The dfh.grammar library is a pattern matching library for Java inspired by the enhanced regular expression facilities provided by Perl 5.10+ and Perl 6. The basic functionality in the Perl 5.10+ regex engine is awesome in itself, but the syntactic sugar provide by Regexp::Grammar is another order of magnitude better still, and Perl 6 is still more fabulous. I have long loved these character pattern matching facilities and craved the same for Java, the language which is my bread and butter. This is not to knock Java. Java's character class syntax is fabulous. I love being able to combine character classes like sets. But due to double escaping Java regular expressions of any size are unreadable, and there's no way to make them recursive.
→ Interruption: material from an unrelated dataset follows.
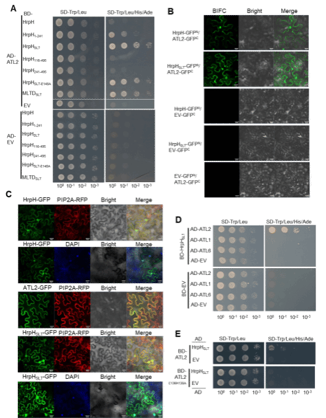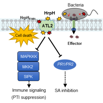T3SS是细菌重要的蛋白输出装置,由30kb约20个组分基因组成,负责将效应蛋白分泌到胞外并注入宿主细胞。近年来,对效应蛋白的研究已经比较深入,但对于T3SS组分的功能机制还缺乏足够了解。本研究前期发现在T3SS基因簇上存在一个特异的裂解性转糖基酶编码基因 hrpH ,该基因编码产物具有多个结构域,可以裂解细菌细胞壁并促进效应蛋白输出。本研究在此基础上系统研究了HrpH蛋白的多功能域特性,结果显示HrpH不仅参与调控效应蛋白转运,而且自身也可以转运至植物细胞,其保守的裂解性转糖基酶(SLT)结构域和第148位谷氨酸(E148)催化位点在转运过程中起到关键作用。HrpH蛋白和SLT结构域蛋白在植物质外体可以诱导细胞死亡、抑制由微生物分子相关模式诱导的基础免疫反应(PTI)和水杨酸(SA)信号途径,且这一功能并不依赖E148催化位点。在植物中稳定表达HrpH能够抑制PTI反应和SA信号途径,降低植物的抗病能力。此外,本研究还发现HrpH可以与植物中的RING-type E3泛素连接酶ATL2互作,且SLT是互作的关键结构域。同样,这一互作也不依赖于E148催化位点。本研究揭示了HrpH在III分泌系统转运及其与宿主互作过程中的双重功能:在细菌胞内,HrpH作为一种裂解性转糖基酶参与T3SS组装和效应蛋白转运;当其与植物互作时,HrpH作为一个免疫调节子靶向植物泛素连接酶调控植物免疫。该成果突破了T3SS作为一个蛋白“注射器”的传统认识,将为深入理解T3SS多功能机制提供新的思路。

Compositionality may be achieved to some extent by adding patterns together like strings, but I wanted more. Since I prefer coding to Googling for code, I decided to write my own improvement on Java regexes. This library is the product of this labor of obsession.

The Basic Idea

The image above was produced by taking the grammar
<ROOT> = ~<b> <g> <r>?+ <a> <m>{2} <a> <r> ~<b>

   <a> = "a"
   <b> = / $ | ^ /x
   <g> = /g/i
   <m> = "m"
   <r> = "r"
and applying it to the word Grammar. Specifically, I combined the two using the MatchToDot application included with the dfh.grammar distribution, passing that through GraphViz and rescaling the image a bit with Inkscape. As you can see, a grammar looks a lot like a BNF grammar. It consists of a list of named rules. Rule names are sequences of characters in the \w class enclosed in angle brackets. Each line in the grammar consists of a rule name, an equals sign, and a rule definition.Or a blank line or a comment beginning with #. Rule definitions may also end in a comment. The rule definition consists of one or more elements optionally modified in various ways. A leading ~ or ! marks a forward-looking zero-width assertion.Variable width backwards assertions are indicated by ~- or !-; and for symmetry one may use ~+ and !+ to indicate forward assertions. Though the backwards assertions native to dfh.grammar are variable width, unlike those of java.lang.regex.Pattern, they do have limitations that don't pertain to forward assertions. See syntax. Of course, one may define a terminal rule that provides a java.util.regex.Pattern zero-width assertion, though the grammar will not be able to recognize it as such. Trailing suffixes familiar from Perl-style regular expressions -- *? , {1,2} , etc. -- indicate repetitions. Constituents may be grouped with square brackets -- [ <a> <b> ]+ . Alternates are marked with | . And so forth.
The atomic constituents of rules are literals, marked with single or double quotes, and regular expressions.Or arbitrary extensions of the dfh.grammar.Rule, as is explained elsewhere.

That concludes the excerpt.